I think I will try and get some equilibrium back before I restart the Nintedanib. Unfortunately I seem to have a very sensitive body which reacts badly to all sorts of meds. Maybe it’s all part of the “hypersensitivity”!

MMaud profile image
MMaud

Tryphena, I have been using Nintedanib almost 18 months now, without issue. Before going on an extended trip, my consultant was at pains to remind me a change of diet might lead to some unwanted consequences (it didn't happen thankfully).

She then added, if I did have problems to rest off the meds until my tummy settled, then start on one a day and see how I got on.

I must admit the only times I have felt like my tummy was unhappy (I have a constitution built on the Clyde) have been where I have not eaten enough before taking my meds. I always take my capsule at the end of a meal.

I hope you can find a way to tolerate the Nintedanib, but my Consultant was clear when I started on it that if I didn't get along with it, I could always try Perfinidone. I was more drawn to Nintedanib because I am a very keen gardener so spend a lot of time in the fresh air (and sunshine), and Perfinidone can make users very sensitive to the sun.

Tryphena134 profile image
Tryphena134 in reply toMMaud

Thanks some really useful info here!

Tawny10 profile image
Tawny10

hello Tryphena I too have HP & Royal Brompton prescribed Nintedanib 2 months ago at 100mg (I weigh 57kg which was taken into account…I’ve always thought meds should be based on weight like with animals!!)
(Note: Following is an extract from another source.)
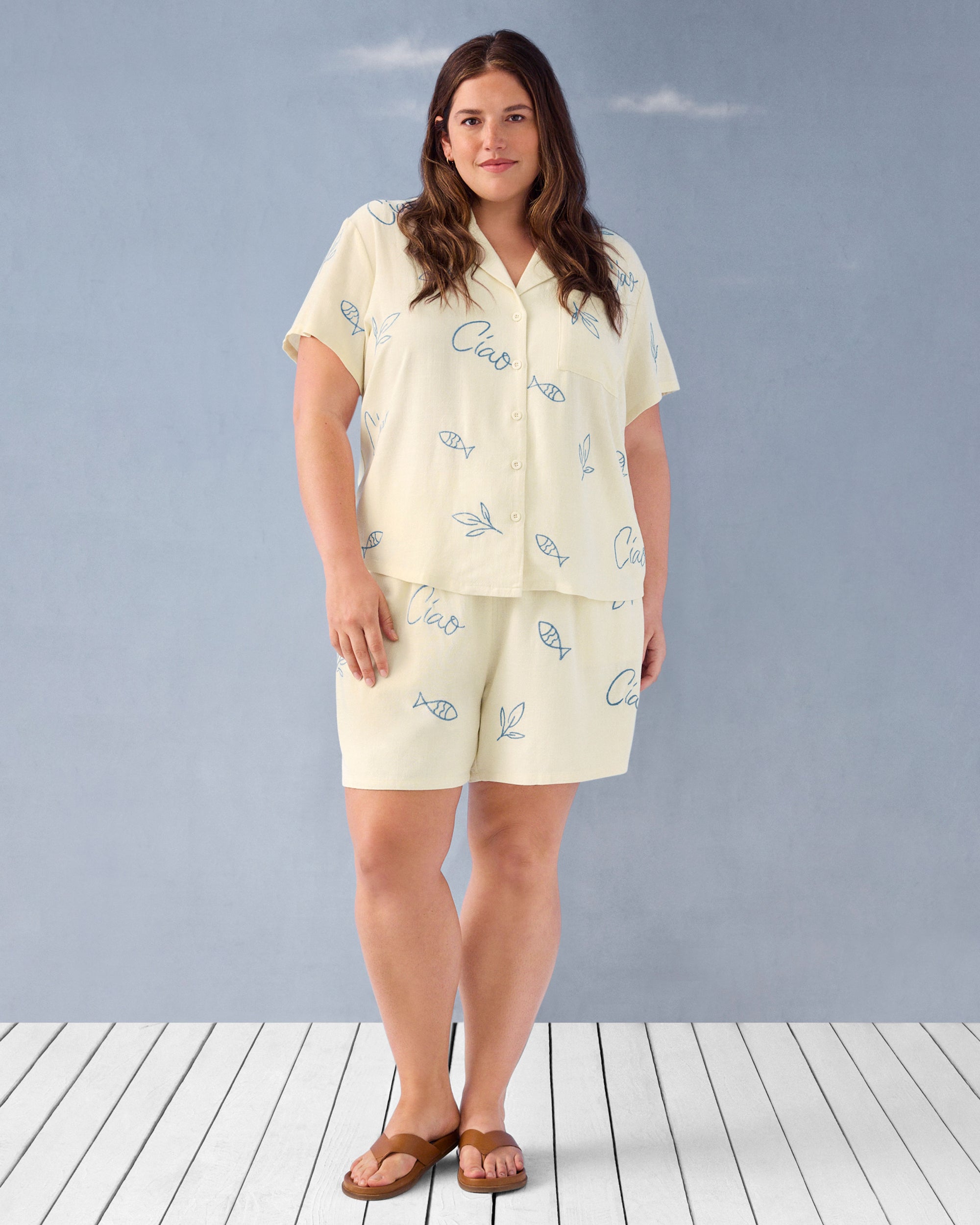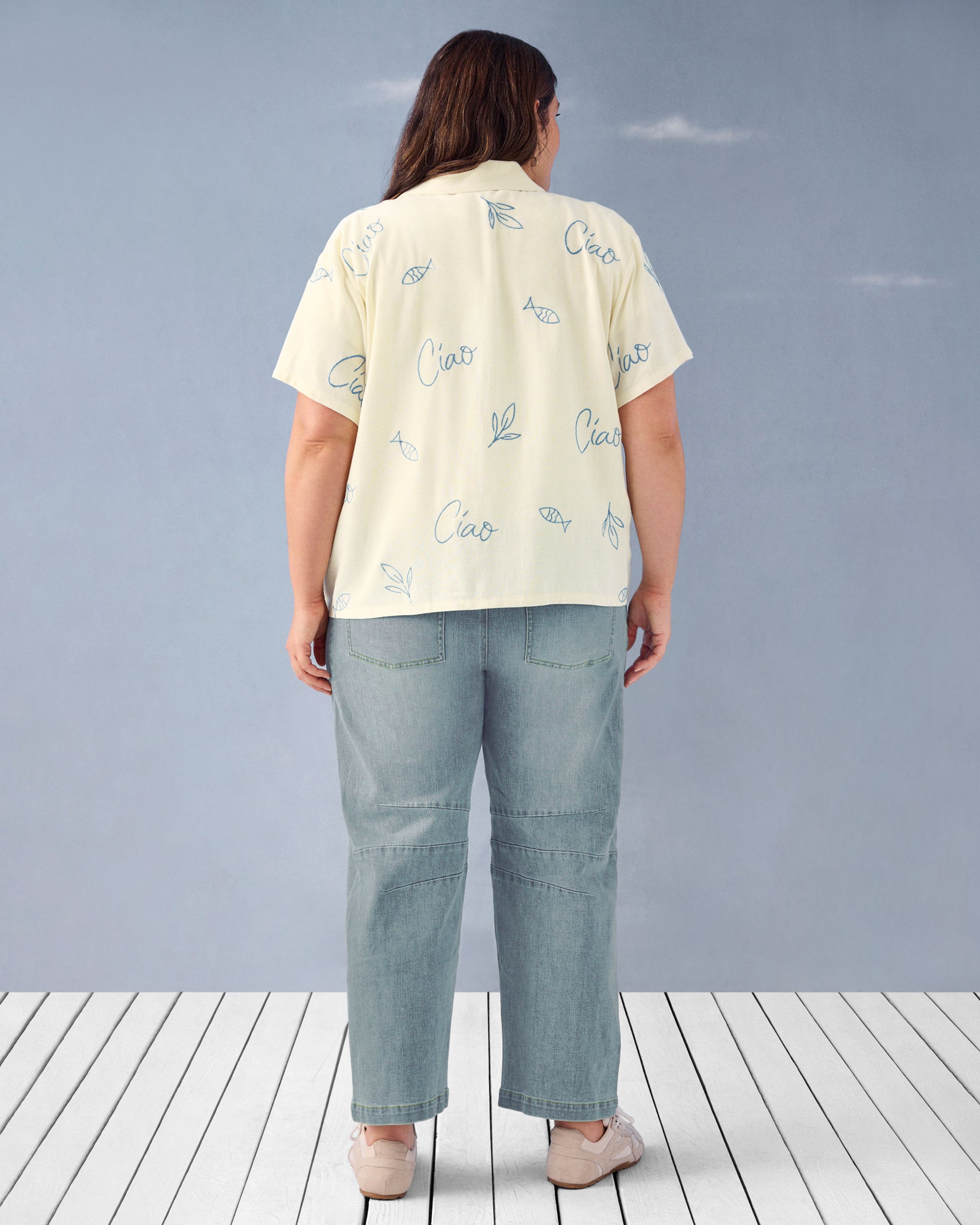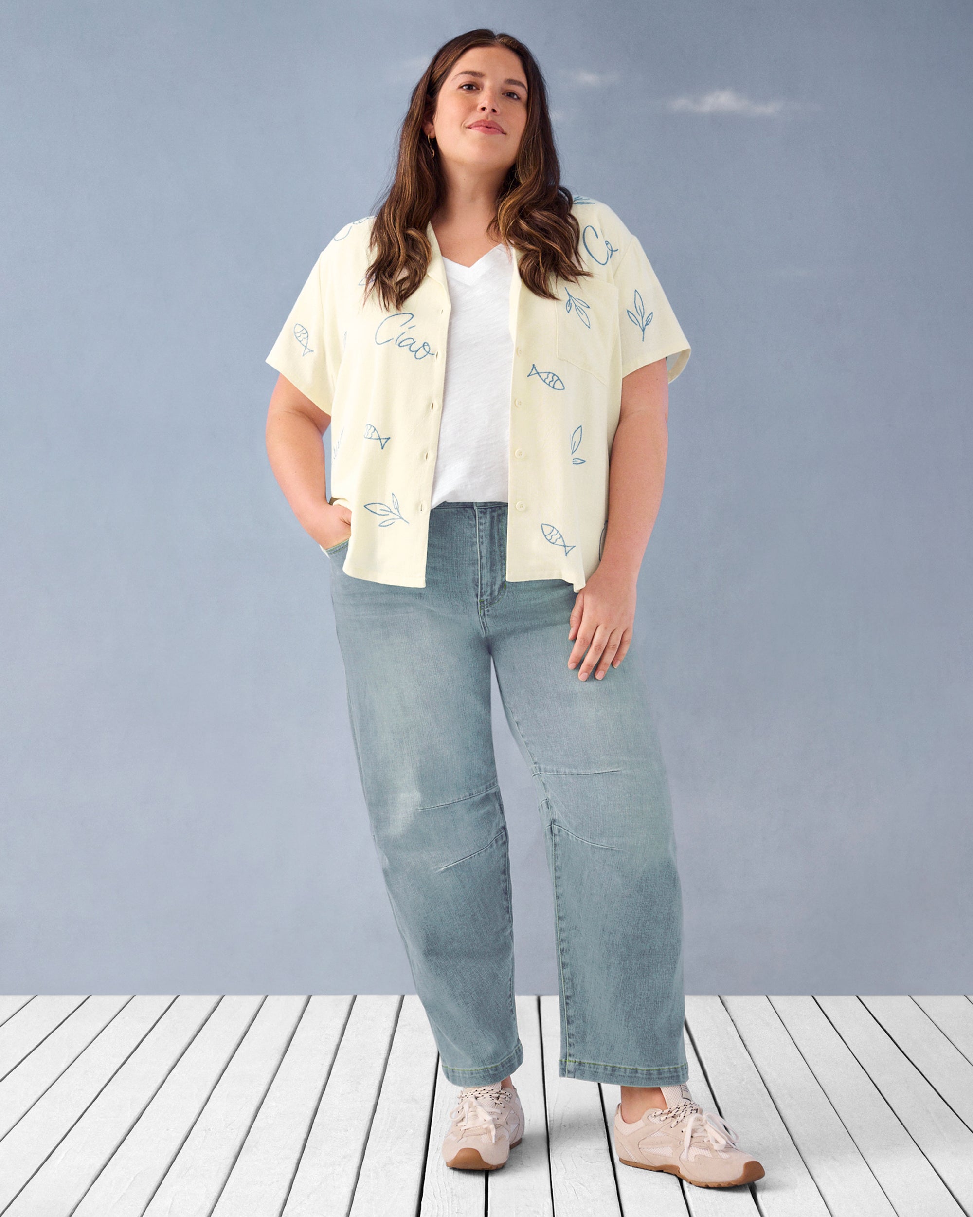 The Pier Top features intricate embroidery for a fun and whimsical way to play with your style. Designed with a notch collar and button front, this classic fit can be easily paired with the matching Pier Short or your favorite pair of denim.

I’ve had bad headache & nausea a few times but think probably because not taken with large enough meal. I wouldn’t be keen to increase dose as had bad side effects with Mycophenolate on normal dose … now they have agreed a compromise on that 😃

You might well be better on lower dose given your size & reactions. Maybe start with once daily & increase if ok?

Hope it works for you

Tryphena134 profile image
Tryphena134 in reply toTawny10

it’s good to know I’m not alone with this problem!

Must get on the scales and see how much I weigh😂

The Brompton were very thorough and on the whole being under them has had benefits. They suggested last autumn I was assessed for ambulatory oxygen. It took a while for the local NHS trust to organise but I’d be lost now without my oxygen concentrator they supplied. If only the NHS was as efficient as Baywater Oxygen who cover where I live. It took one of their senior managers to navigate a route to getting the concentrator months after it had been prescribed but it wasn’t showing on the system!

MMaud profile image
MMaud in reply toTawny10

I'm a little compact person. My fighting weight usually circles 48.5kg, although I'm down at 45kg at the moment, after a long, active trip in the heat. It'll sort itself out.

I'm on the full 150mg dose, twice a day, without issue, so whilst taking patient volume into accoutn can be useful, I think the regular monitoring bloods as we go along are at least as important.

Tawny10 profile image
Tawny10

well done for sticking with it!! I’m lucky where I live they are fairly well organised with all this & I have good ILD nurses in Nottingham but I know that not everywhere is the same!!